理论知识
LeNet AlexNet VGG 都有一个共同的特征:通过一系列的卷积层和池化层来提取空间结构特征,然后通过全连接层来对特征的表征进行处理
NiN: 在每个像素的通道上分别使用多层感知机
卷积层的输入和输出由四维张量组成,张量的每个轴分别对应样本、通道、高度和宽度。另外,全连接层的输入和输出通常是分别对应于样本和特征的二维张量。
NiN 的想法是,在每个像素位置用一个全连接层,将权重连接到每个空间位置,可以视为 1 x1 卷积,或作为在每个像素位置上独立作用的全连接层。从另一个角度看,将空间维度中的每个像素是为一个样本,通道维数视作不同的特征
NiN 从一个普通的卷积层开始,后面是两个 1x1 卷积层,这两个 1 x1 卷积层充当带有 ReLU 激活函数的逐像素全连接层,第一层的卷积窗口形状通常由用户设置。随后的卷积窗口形状固定为 1x1
NiN 完全取消了全连接层,使用了一个 NiN 块,其输出通道等于标签类别的数量,最后放一个全局平均池化层(每个通道算出一个平均值),经过 softmax 生成一个对数概率
NiN 的优点是减少了模型所需的参数数量,但是加大了训练时间
代码实现
这里用到的数据集是FashionMNIST,但是做了一些小处理,将原来28x28的图片放大到了224x224,这是因为AlexNet用在ImageNet数据集上的,仅为了简单复现,不需要用到ImageNet数据集
import torch
import torchvision
import torch.nn as nn
from torch.utils.data import DataLoader
from tqdm import tqdm
from torchinfo import summary
epochs = 10
batch_size = 128
lr = 0.001
device = 'cuda:0' if torch.cuda.is_available() else "cpu"
data_trans = torchvision.transforms.Compose([torchvision.transforms.ToTensor(),torchvision.transforms.Resize((224, 224))])
# toTensor = (torchvision.transforms.ToTensor(), torchvision.transforms.Resize((224, 224)))
train_dataset = torchvision.datasets.FashionMNIST("../00data", True, data_trans, download=True)
test_dataset = torchvision.datasets.FashionMNIST("../00data", False, data_trans, download=True)
train_dataloader = DataLoader(train_dataset, batch_size, True)
test_dataloader = DataLoader(test_dataset, batch_size, True)
# 方法二实现NiN网络
# 卷积核大小 步幅 填充 输入通道 输出通道
blk_arc = ((11, 4, 0, 1, 96), (5, 1, 1, 96, 256), (3, 1, 1, 256, 384))
class NiN(nn.Module):
def __init__(self, nin_arc) -> None:
super().__init__()
self.layers = []
self.nin_blks(nin_arc)
self.network = nn.Sequential(*self.layers)

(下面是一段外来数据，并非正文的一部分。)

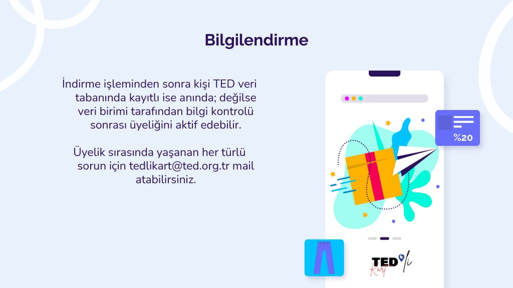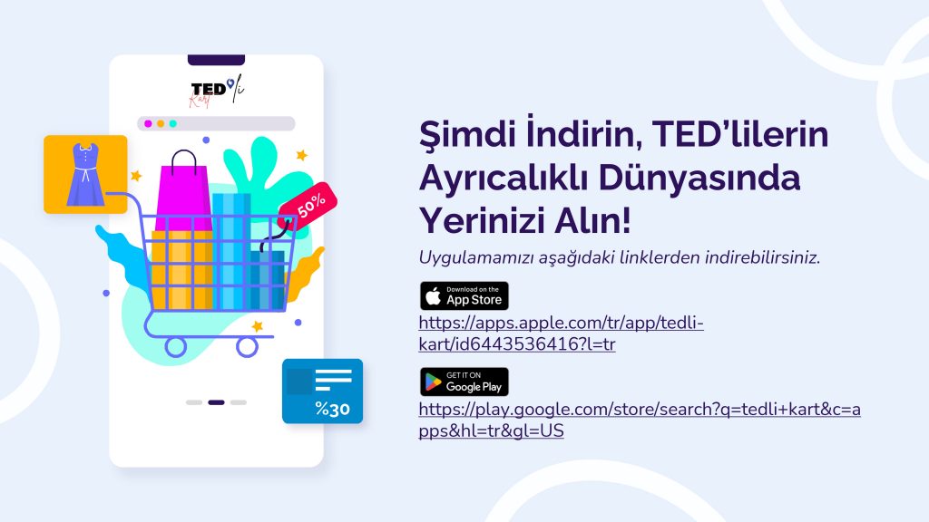 TED Ailesi üyelerine sağlanan avantajları keşfetmek için “TED’li Kart”’ uygulamasını app store ve play store’dan indirebilirsiniz.

# x = torch.ones((1, 1, 224, 224))
# 输出每层输出结果形状
# for layer in self.layers:
# x = layer(x)
# print(layer.__class__.__name__, '\t', x.shape)
def nin_blk(self, num_conv, kernel_size, stride, padding, inchannal, outchannal):
layer = []
for _ in range(num_conv):
layer.append(nn.Conv2d(inchannal, outchannal, kernel_size, stride, padding))
layer.append(nn.ReLU())
inchannal = outchannal
return nn.Sequential(*layer, nn.Conv2d(inchannal, outchannal, 1), nn.ReLU(),
nn.Conv2d(inchannal, outchannal, 1), nn.ReLU())
def nin_blks(self, nin_arc):
for arc in nin_arc:
self.layers.append(self.nin_blk(1, arc[0], arc[1], arc[2], arc[3], arc[4]))
self.layers.append(nn.MaxPool2d(3, 2))
self.layers.append(nn.AdaptiveAvgPool2d((1, 1)))
self.layers.append(nn.Flatten())
def forward(self, x):
return self.network(x)
nin = NiN(blk_arc)
nin = nin.to(device)
celoss = torch.nn.CrossEntropyLoss()
optimer = torch.optim.Adam(nin.parameters(), lr=lr)
train_loss_all = []
test_loss_all = []
train_acc = []
test_acc = []
for epoch in range(epochs):
test_loss = 0.0
train_loss = 0.0
right = 0.0
right_num = 0.0
for inputs, labels in tqdm(train_dataloader):
inputs = inputs.to(device)
labels = labels.to(device)
outputs = vgg11(inputs)
loss = celoss(outputs, labels)
train_loss += loss.detach().cpu().numpy()
optimer.zero_grad()
loss.backward()
optimer.step()
right = outputs.argmax(dim=1) == labels
right_num += right.sum().detach().cpu().numpy()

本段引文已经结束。